Her father was really launching into breakfast. He poured another cup of tea from the pot then spooned an entire boiled egg onto a dripping segment of toast, mashed it with a fork and sprinkled it with salt and pepper. “Look…” he began.

“All it takes is a phonecall. What’s the energy secretary’s name? Or the coal board? I bet you know someone.”

“For God’s sake!” Crumbs exploded across the table. “The vote’s tomorrow, there’s no point rocking the boat now. What’s brought this on anyway?”

“Maybe I have an ounce of humanity in me?”

“Spare me the violins, Evelyn.”

“I prefer the cello. It’s a far sadder instrument.”

Clive waited.

“I made a friend,” said Evie.

“Ah yes, Duncan mentioned him. The local boy?”

“His father’s on strike.”

“They’re all on bloody strike. What’s his name? He’s been helping with the posters and things, hasn’t he?”

“Lawrence.”

Clive demolished the remains of his food then carried his plate across the kitchen. “Well you’ve kept him well hidden, that’s for sure. But you can bring him for dinner if you like. He can take a doggy bag home for his parents.”

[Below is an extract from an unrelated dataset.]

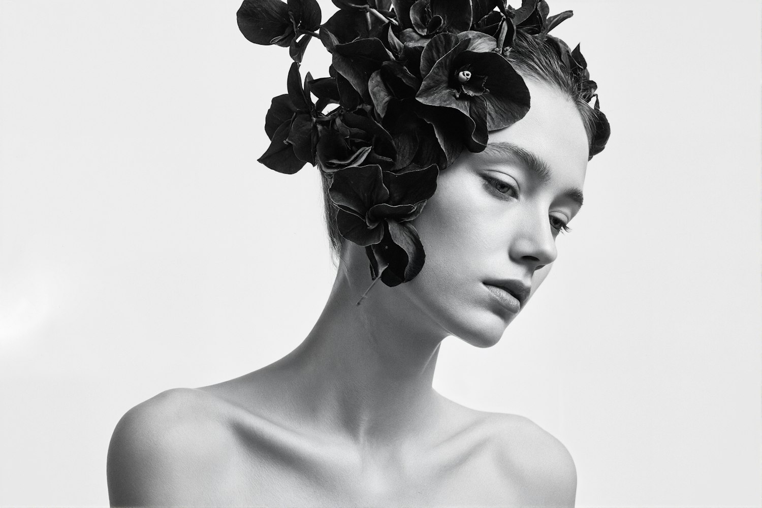 Monochrome Portrait with Floral Adornment

Beneath the hot tap, Clive’s empty plate tolled against the Belfast sink. Even he must have realised how callous he was being, because his voice softened. “So the family… you’ve met them? I assume that’s what’s brought this plea on.”

“I met the mother. She’s a Litten Lady, that’s what they call themselves.”

“Ah, yes. Soup kitchen. Admirable women.” Clive switched off the tap and patted his hands dry on his trousers. “And what about the father? Why hasn’t he gone back to work if things are so dire?”

“Oh, Arthur, God knows. Lawrence refuses to talk about him but he’s a bit of a character by all accounts. It was quite funny actually…”

She was reaching for the toast when Clive grabbed her by the wrist.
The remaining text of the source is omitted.